Oggi chi le contesta è anche al governo, e in nome di un’ideologia che non so che cosa ci possa riservare in futuro (la «decrescita felice...») si ripetono slogan e si formano comitati all’insegna del “no” sempre e comunque. No Tav, no Tap, no alla Pedemontana, no al Terzo Valico... Le grandi opere sono demonizzate, considerate solo fonti di guadagni privati e non anche un qualcosa di utile per tutti.
Anche a Parma sentiamo ripetere, con cadenza regolare, molti “no” giustificati più con pregiudizi che con analisi serie. È stata la volta della TiBre, oggi tocca al mall, il grande centro commerciale che sorgerà nell’area della ex Salvarani, vicino all’aeroporto. Che cosa si contesta, al mall? Intanto, le solite obiezioni di carattere ambientale; poi, di danneggiare l’aeroporto; infine, di uccidere i negozi del centro. Ma quanto sono fondate, queste obiezioni?

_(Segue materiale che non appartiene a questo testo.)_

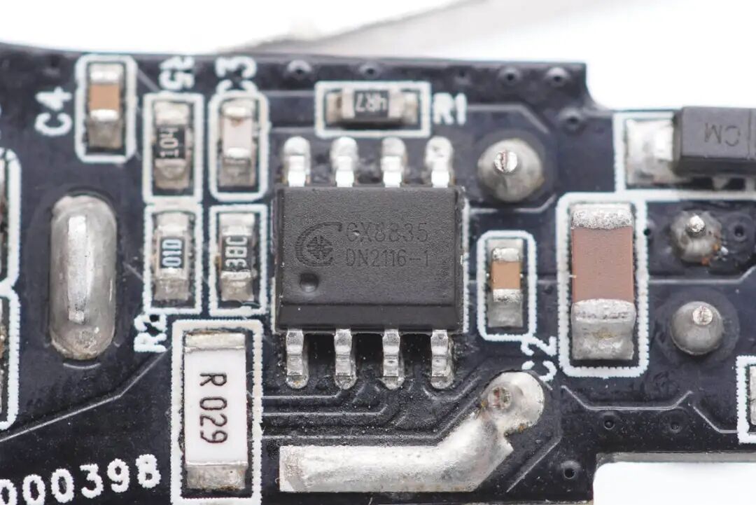 车充采用两路独立降压输出设计,两个A口的降压转换器均采用诚芯微的CX8835。这是一款输入耐压可达40V,并且能够实现精确恒压以及恒流的降压型DC-DC转换器,其内置80mΩ High-side PMOS以及20mΩ Low-side NMOS,可支持3A持续输出电流,输出电压可调,最大可支持100%占空比。
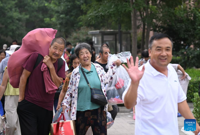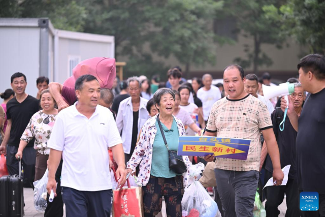 Villagers get their personal belongings and prepare to go home from a relocation site in Xiqing District, north China's Tianjin Municipality, Aug. 20, 2023. All of over 37,000 relocated villagers from the Dongdian flood storage and retention area in Jinghai District of north China's Tianjin have returned to their homes as floodwater receded. (Xinhua/Sun Fanyue)
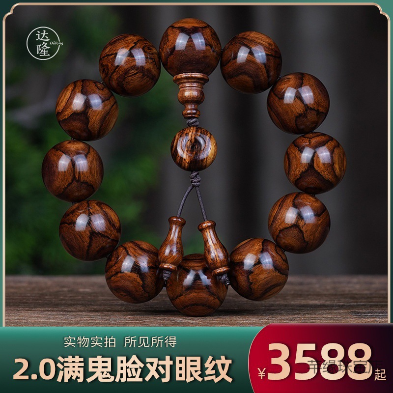 海黄【2.0満鬼顔対眼】海南黄花梨手串老料檀香木仏珠手串男

Cominciamo dalla prima, quella cara agli ambientalisti. Il mall danneggerà l’ambiente? I fatti dicono che sorgerà su un’area di circa 70.000 mq coperti, un tempo occupata appunto da un’altra fabbrica oggi abbandonata (salvo essere a volte “occupata” da “manifestazioni”, chiamiamole così, sulle quali è meglio lasciar perdere). Oggi, per edificare il mall, quei 70.000 mq di area in disuso sono stati bonificati dal micidiale eternit (causa del mesotelioma pleurico, terribile tumore ai polmoni), mentre il sottosuolo - per circa 27.000 mq - è stato bonificato da ceneri pericolose per le falde acquifere. Bonifiche che sono costate milioni e milioni di euro. Sempre sull’ambiente: quel che si va a costruire non sarà la solita “colata di cemento“ degli slogan, ma un centro classificato “gold leed”, cioè totalmente costruito con componenti ecologici, e con oltre mille alberi piantati attorno. Quanto ai timori di incompatibilità con l’aeroporto, c’è già il parere positivo di Enac; e andrebbe ricordato, al contrario, che i lavori del mall comportano la demolizione di una vecchia ciminiera di 45 metri di altezza: quella sì, potenzialmente fastidiosa.

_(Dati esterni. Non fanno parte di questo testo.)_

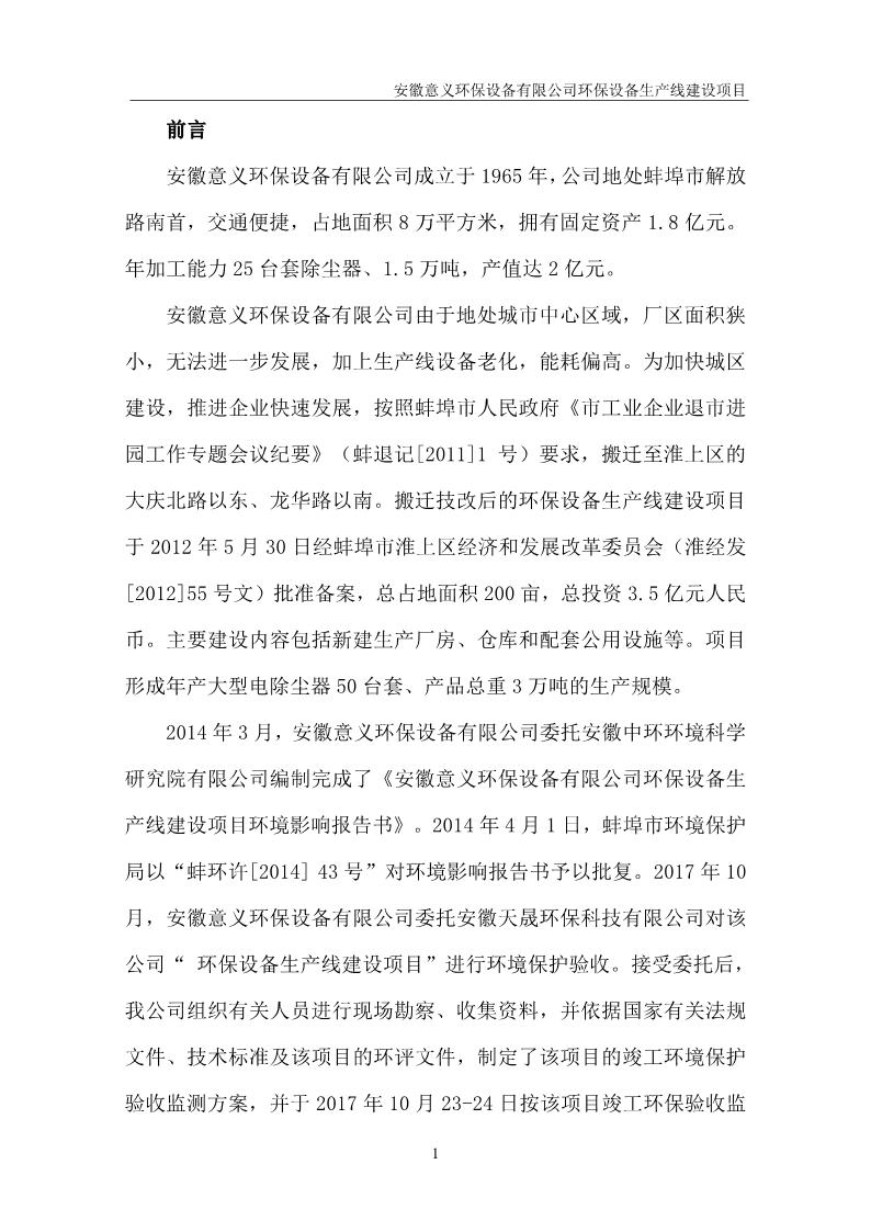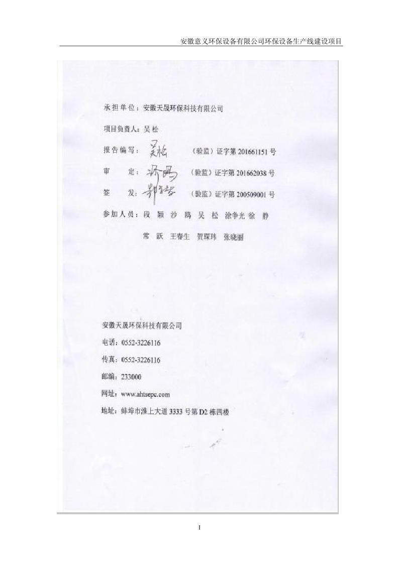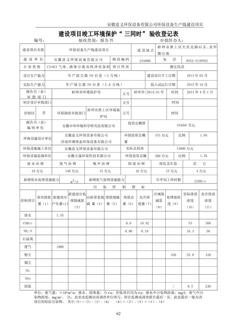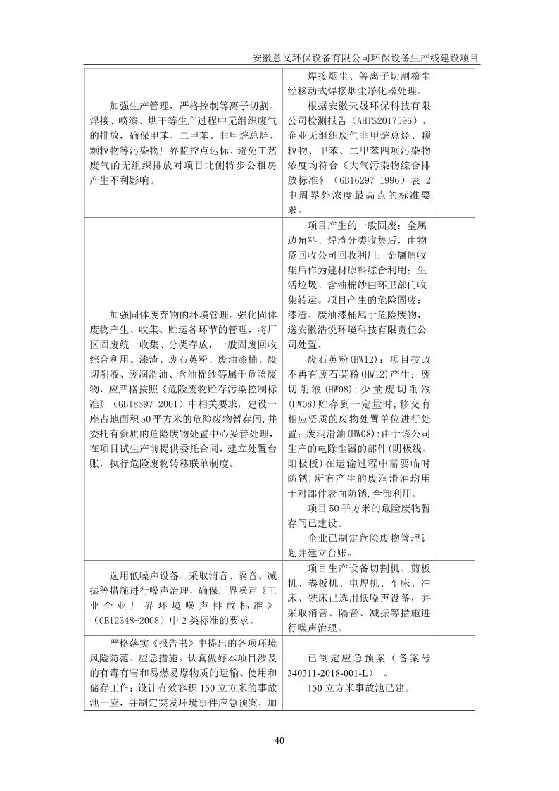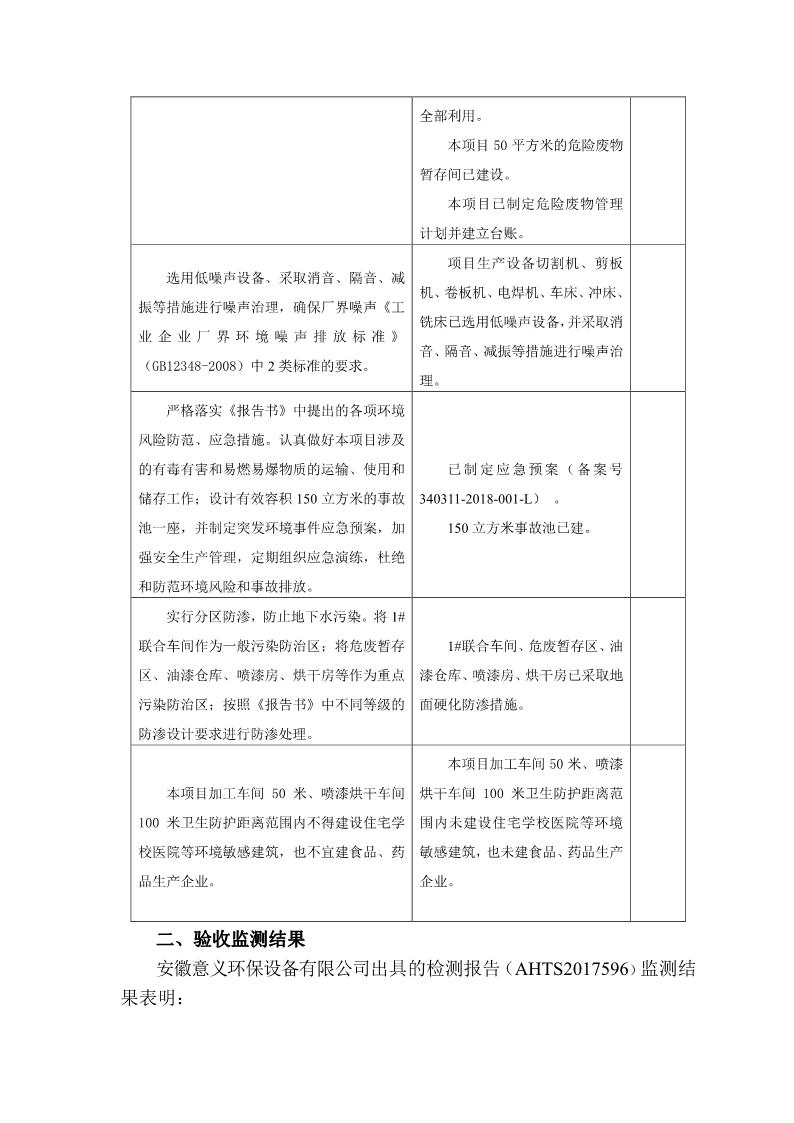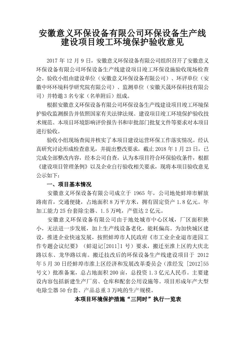 安徽意義環保設備有限公司環保設備生產線建設項目竣工環境保護驗收意見
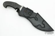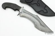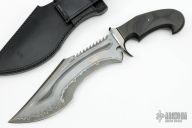 This "New Black Bull" by Claudio Sobral features a forged San Mai Damascus blade (420/1095 steel) with fullers, sawteeth on the spine and false top edge, .255" blade stock and 2.750" blade depth, hidden/mortise tang construction. The handle has a stainless steel guard, nicely figured carbon fiber grip with black canvas micarta and nickel silver spacers, polished and domed steel pin, black canvas micarta frame. Comes with a beautiful hand tooled black leather sheath and a leather zippered case. New from maker.
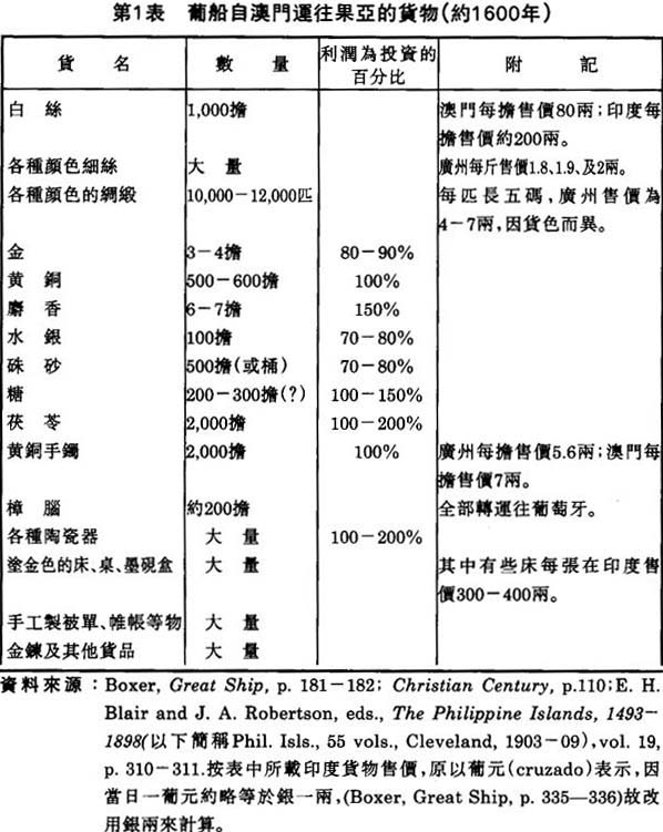 由澳門輸往果亞的中國貨物,以絲貨(生絲及絲織品)為最大宗。以蠶絲著稱的中國,產絲遍於全國各地,但其中以江蘇、浙江間的太湖區域尤為重要。江、浙出產的絲貨,有不少遠道南運,以廣州為集散中心。(25)為着便於絲貨的大量交易,廣州每年夏冬兩季都舉行定期市,每次開市數星期,或長至數月。在冬季成交的絲貨,多輸出至印度、歐洲及菲律賓;在夏季成交的絲貨,多運往日本出賣。(26)澳門和廣州距離很近,而葡人航海技術又很進步,自然在廣州收購大量絲貨,轉運出口,以便從中取利。其中由澳門運往果亞的生絲,在一五八○至一五九○年,每年約為三千餘擔;其後到了一六三五年,有人記載多至六千擔,不過這個數字顯然有些誇大。(27)除生絲外,絲織品及其他中國貨物,也都由葡船自澳門運往果亞出賣,可是價值遠不如生絲那麽大。現在把一六○○年左右一艘葡船自澳門運往果亞的中國貨物名稱、數量及利潤,列表如下(見下頁)。
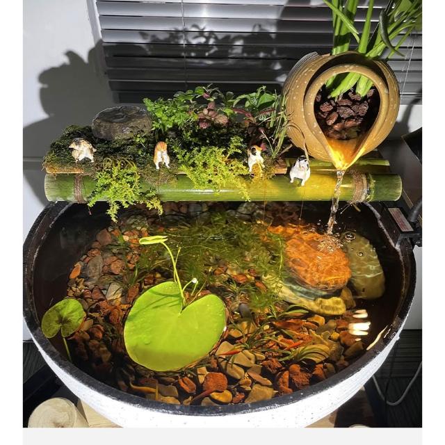 古法養魚缸 生態缸 微景觀家用陽台仿石頭水耕池客廳免打理碗蓮盆造景缸 水族缸 水族箱 生態魚缸 迷你魚缸
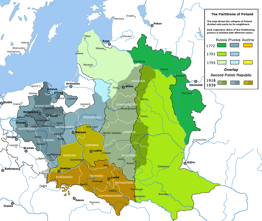 - By User:Poeticbent: two maps overlaid to delineate recovered territories of the Commonwealth following World War I. Rzeczpospolita_Rozbiory_3.png: Halibutt Derivative work: Sneecs (talk) File:Poland administrative division 1922 literki.png – File:Partitions of Poland.png File:Rzeczpospolita_Rozbiory_3.png, CC BY-SA 3.0, https://commons.wikimedia.org/w/index.php?curid=56666858

E veniamo all’impatto sul commercio. Quindi sul lavoro. Quindi sull’occupazione. A mall ultimato saranno assunte duemila persone, prevalentemente giovani del territorio. Duemila.

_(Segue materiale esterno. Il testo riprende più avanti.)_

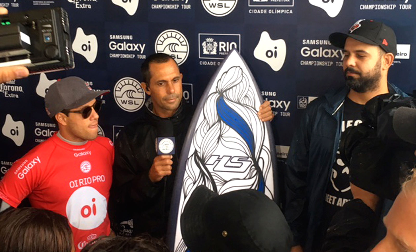 Bruno Big painted, during the championship stage in Rio de Janeiro, a surfboard for the world champion Adriano de Souza. The action was broadcast live on the official event website.
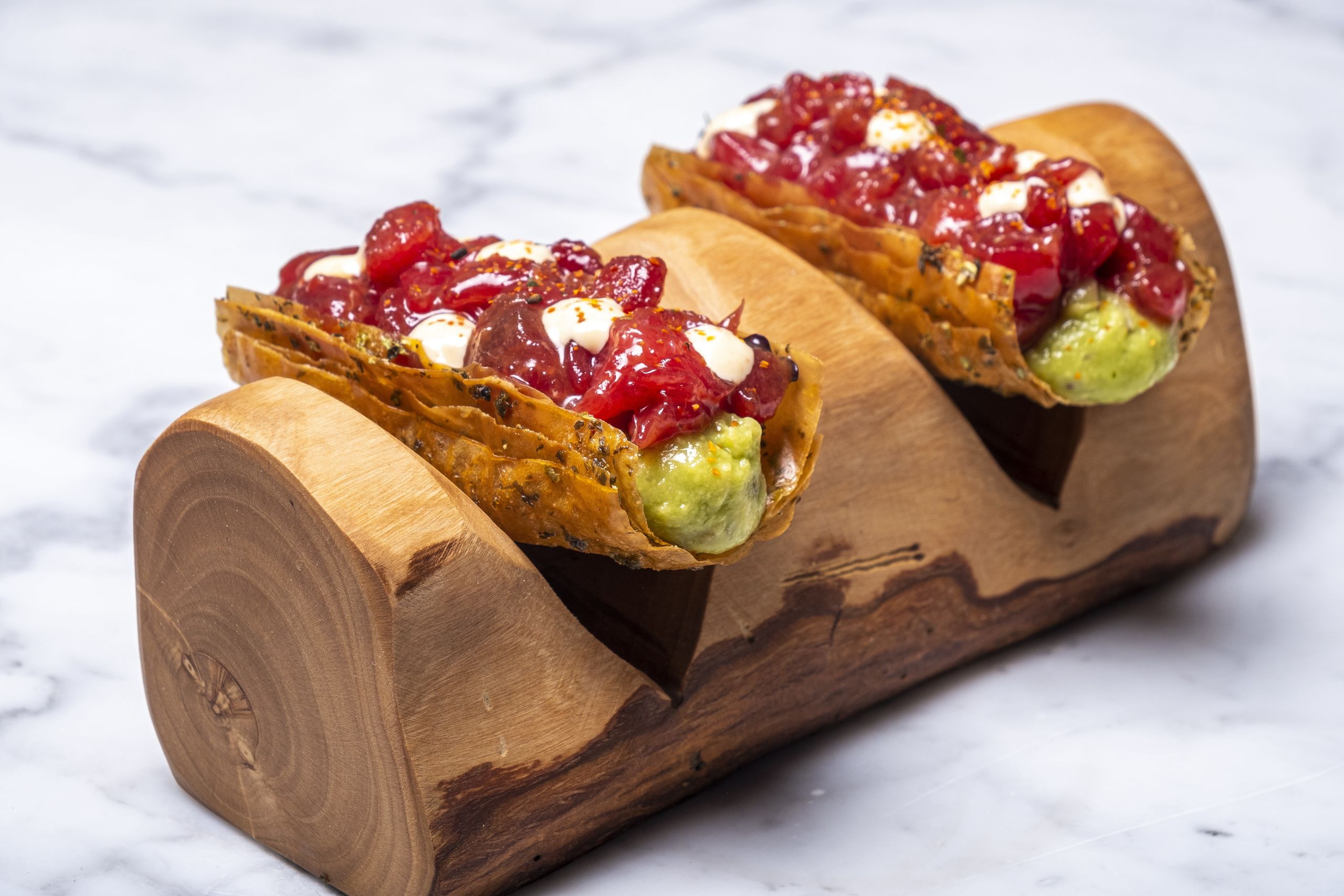 En Aquarium Port Ciutadella destaca el japo-taco de atún rojo, galardonado como Mejor Tapa de Atún Rojo de España 2023, un delicioso bocado a base de tarantelo de atún rojo con guacamole casero y shichimi tōgarashi.

Nemmeno l’Efsa ha avuto un impatto simile su Parma e provincia. Ma più in generale: quante aziende portano duemila posti di lavoro?
Certo ci sono timori per i negozi del centro storico. E sono reali, comprensibili. La crisi del commercio tradizionale c’è. Ma siamo sicuri che sia figlia di centri commerciali che sorgono fuori dal centro? O non sono forse i colossi digitali del commercio on line i veri grandi nemici dei negozianti e perfino degli stessi supermercati? La risposta è implicita e sotto gli occhi di tutti.
Il centro storico è già ora in sofferenza, e su di esso deve concentrarsi l’attenzione di tutti, pubblico e privato. Non è solo una crisi del commercio: è una crisi di vita, di voglia di stare in giro, di rapporti sociali. Il centro deve vivere di più, deve aprirsi di più: bisogna aiutare i negozi, i bar e i ristoranti a occupare spazi (fisici e temporali) nuovi, a essere attrattivi. Si potrà prendere l’aperitivo o cenare anche al mall? Certo. Ma quale turista rinuncerebbe a un aperitivo o una cena in piazza Duomo e dintorni, se ne avesse la possibilità?
E dunque. Che cosa ci dicono i fatti, i numeri? Che il mall è utile e porterà ricchezza al territorio, e pure che bisogna far rivivere il centro: due cose che non sono affatto in contrasto fra loro. Anzi l’una finisce sempre per aiutare l’altra: basta togliere gli occhiali deformanti di ideologie che sono vecchie, vecchie anche se oggi vengono spacciate per il nuovo che avanza.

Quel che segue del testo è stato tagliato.